In the interest of exploring the potential for purchasing a condo in NYC, I dug into Airbnb's datasets listings & reviews datasets for the last 4 years (2015-2019) to better understand:
- Overall Market (trends, average prices, segments)
- Potential Neighborhoods (which neighborhoods is best?)
- Configuration (how many bedrooms & bathrooms?)
- Rating Categories (which ones matter, how to do well)
This repo contains all the details of the CRISPR-DM analysis performed to generate key insights.
To run the scripts in the Jupyter notebooks, you will only require the Anaconda distribution of Python (v3.0+).
Notebooks
There are 5 notebooks that comprise this analysis:
- Airbnb NYC Data Exploration.ipynb: The bulk of our analysis
- Calendar - Booking Rate.ipynb: Data mining to generate the average monthly booking rates for each listing in 2018-2019.
- Alternative Models.ipynb: Work to test alternative modelling options (Lasso, Ridge, Decision Trees)
- Listings Time Series.ipynb: Time series plot of # of listings (NYC & by region).

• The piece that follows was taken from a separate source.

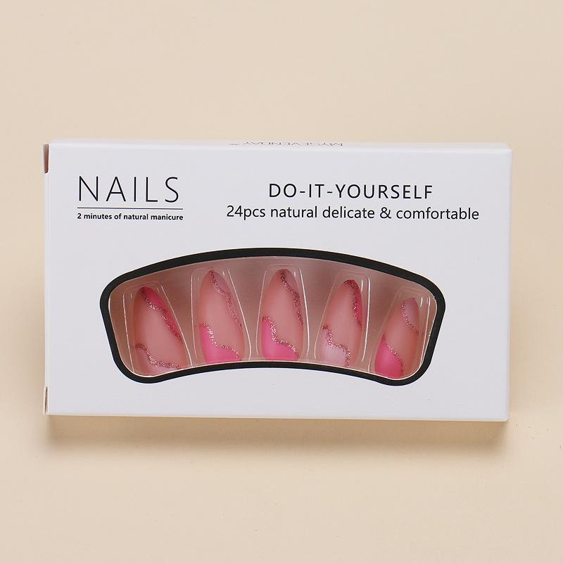 Compre Transfronteiriço Quente-venda Desgaste Armadura Listra Francesa Cor Contraste Glitter Manicure Terminou 24 Remendo de Unhas Falso Removível no atacado no Joom.pro

- Reviews Time Series.ipynb: Time series plot of # of reviews (NYC & by region).
Output
In addition to the above notebooks, there also are a few key data files:
- mBookRates.csv: Monthly booking rates by listing, generated by Calendar - Booking Rate.ipynb
- model_X.csv: Variables for training & testing.
- model_y.csv: Parameters for training & testing.
A blog post that details the results & findings of this code can be found here.
Kudos to Inside Airbnb for the incredible data! Other than crediting Inside Airbnb for use of their NYC datasets, feel free to use the code as you like!